EXTRACTED INFORMATION START

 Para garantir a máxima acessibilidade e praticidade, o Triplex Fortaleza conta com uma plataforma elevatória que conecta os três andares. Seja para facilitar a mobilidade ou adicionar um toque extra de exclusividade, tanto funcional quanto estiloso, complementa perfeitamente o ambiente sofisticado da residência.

EXTRACTED INFORMATION END
EXTRACTED INFORMATION START

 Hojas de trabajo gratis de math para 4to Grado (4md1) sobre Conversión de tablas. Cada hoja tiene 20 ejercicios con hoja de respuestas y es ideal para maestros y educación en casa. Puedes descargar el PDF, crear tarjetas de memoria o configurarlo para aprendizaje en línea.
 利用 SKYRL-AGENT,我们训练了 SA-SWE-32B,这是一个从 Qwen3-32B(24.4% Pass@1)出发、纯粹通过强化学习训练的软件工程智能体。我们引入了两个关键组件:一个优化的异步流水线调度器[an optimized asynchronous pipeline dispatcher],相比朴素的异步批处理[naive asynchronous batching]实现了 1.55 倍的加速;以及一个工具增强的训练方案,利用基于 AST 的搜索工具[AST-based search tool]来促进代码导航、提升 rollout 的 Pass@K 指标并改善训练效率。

EXTRACTED INFORMATION END
EXTRACTED INFORMATION START

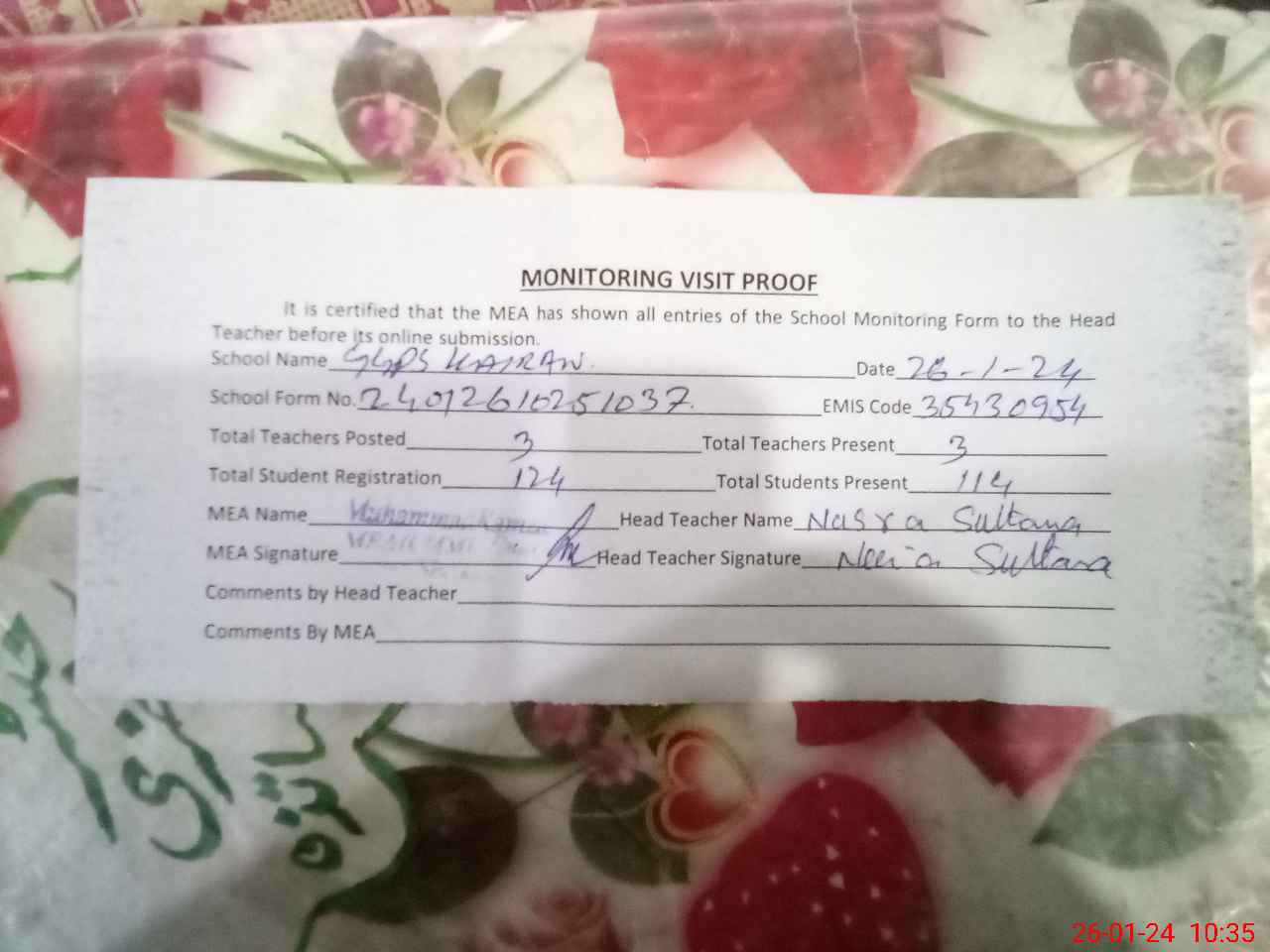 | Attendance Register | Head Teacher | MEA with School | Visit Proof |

EXTRACTED INFORMATION END

Write down, word for word, the lines above from the one containing "Hojas de trabajo" through the one containing "利用 SKYRL-AGENT,我们训练了 SA-SWE-32B,这是一个从", both ends included.

(RESULT OF THE TASK)
 Hojas de trabajo gratis de math para 4to Grado (4md1) sobre Conversión de tablas. Cada hoja tiene 20 ejercicios con hoja de respuestas y es ideal para maestros y educación en casa. Puedes descargar el PDF, crear tarjetas de memoria o configurarlo para aprendizaje en línea.
 利用 SKYRL-AGENT,我们训练了 SA-SWE-32B,这是一个从 Qwen3-32B(24.4% Pass@1)出发、纯粹通过强化学习训练的软件工程智能体。我们引入了两个关键组件:一个优化的异步流水线调度器[an optimized asynchronous pipeline dispatcher],相比朴素的异步批处理[naive asynchronous batching]实现了 1.55 倍的加速;以及一个工具增强的训练方案,利用基于 AST 的搜索工具[AST-based search tool]来促进代码导航、提升 rollout 的 Pass@K 指标并改善训练效率。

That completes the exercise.